### REQUIREMENT:
Where the listing shows an image, skip it and output all other material unchanged.

### INFORMATION SUPPLIED:
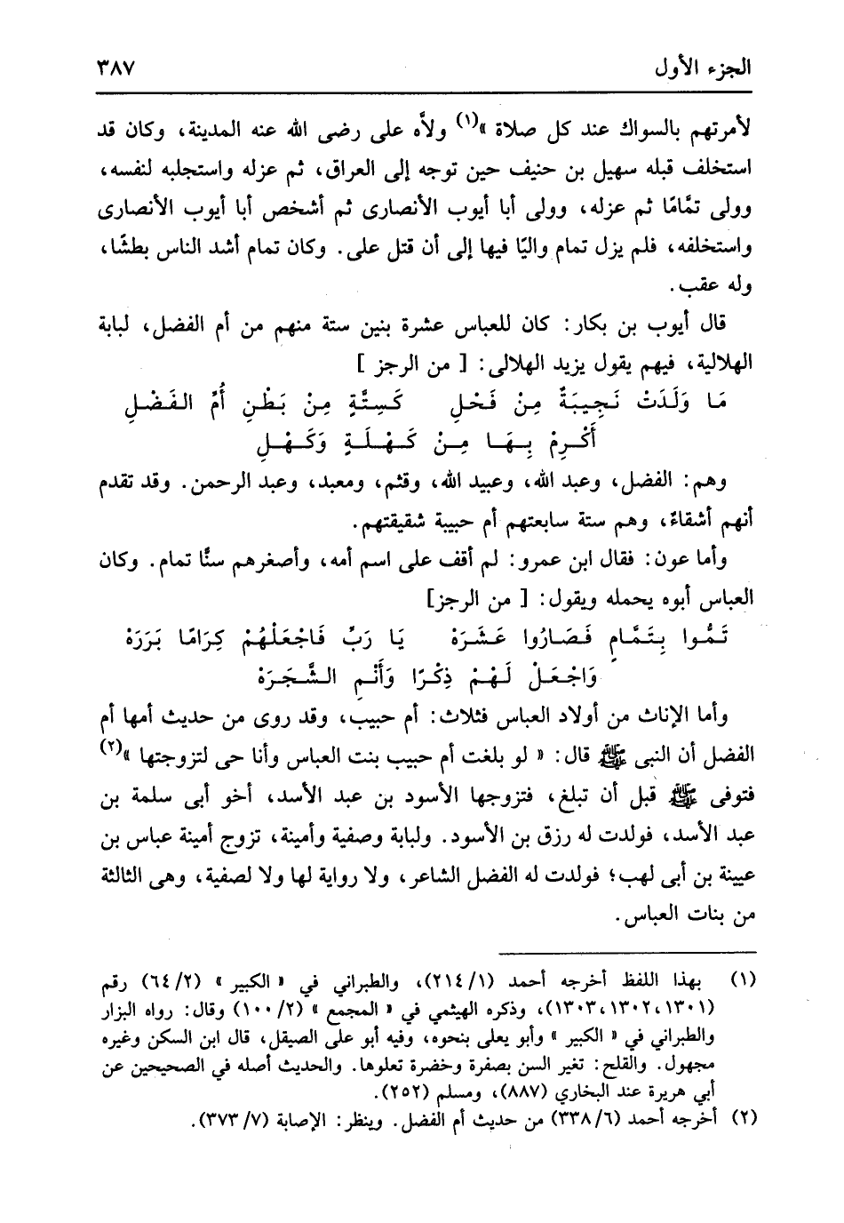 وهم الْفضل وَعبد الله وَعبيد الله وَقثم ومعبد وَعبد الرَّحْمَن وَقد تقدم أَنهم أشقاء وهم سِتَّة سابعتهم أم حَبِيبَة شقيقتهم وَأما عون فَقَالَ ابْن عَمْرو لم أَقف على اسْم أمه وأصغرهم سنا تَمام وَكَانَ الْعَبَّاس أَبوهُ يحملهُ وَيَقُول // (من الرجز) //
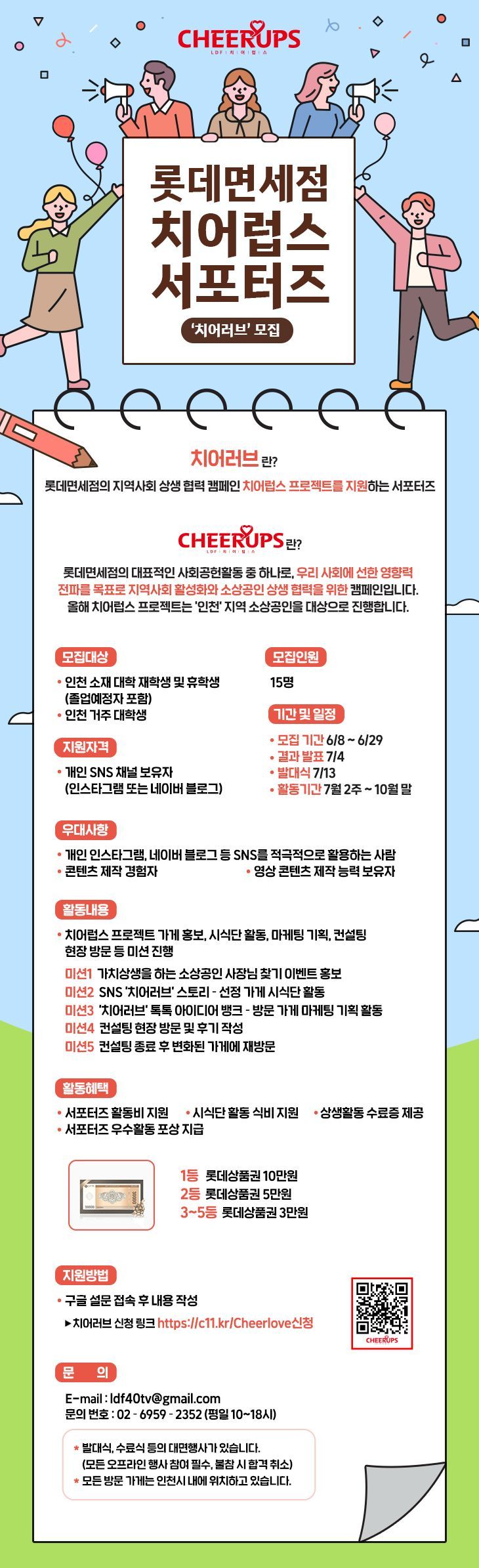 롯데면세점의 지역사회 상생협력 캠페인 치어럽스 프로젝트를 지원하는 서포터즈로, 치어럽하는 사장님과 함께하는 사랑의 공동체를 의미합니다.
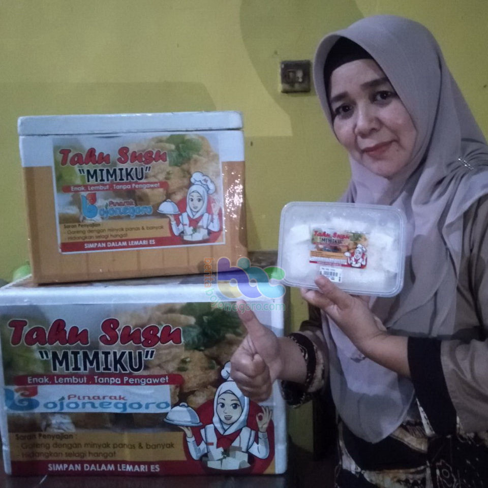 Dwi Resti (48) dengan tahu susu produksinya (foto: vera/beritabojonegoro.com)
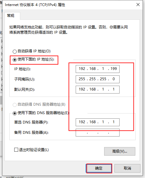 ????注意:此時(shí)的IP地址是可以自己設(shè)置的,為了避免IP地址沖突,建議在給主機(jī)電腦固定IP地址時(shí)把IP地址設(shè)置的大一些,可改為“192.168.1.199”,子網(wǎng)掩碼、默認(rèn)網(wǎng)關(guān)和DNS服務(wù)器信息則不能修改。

### YOUR SOLUTION:
 وهم الْفضل وَعبد الله وَعبيد الله وَقثم ومعبد وَعبد الرَّحْمَن وَقد تقدم أَنهم أشقاء وهم سِتَّة سابعتهم أم حَبِيبَة شقيقتهم وَأما عون فَقَالَ ابْن عَمْرو لم أَقف على اسْم أمه وأصغرهم سنا تَمام وَكَانَ الْعَبَّاس أَبوهُ يحملهُ وَيَقُول // (من الرجز) //
 롯데면세점의 지역사회 상생협력 캠페인 치어럽스 프로젝트를 지원하는 서포터즈로, 치어럽하는 사장님과 함께하는 사랑의 공동체를 의미합니다.
 Dwi Resti (48) dengan tahu susu produksinya (foto: vera/beritabojonegoro.com)
 ????注意:此時(shí)的IP地址是可以自己設(shè)置的,為了避免IP地址沖突,建議在給主機(jī)電腦固定IP地址時(shí)把IP地址設(shè)置的大一些,可改為“192.168.1.199”,子網(wǎng)掩碼、默認(rèn)網(wǎng)關(guān)和DNS服務(wù)器信息則不能修改。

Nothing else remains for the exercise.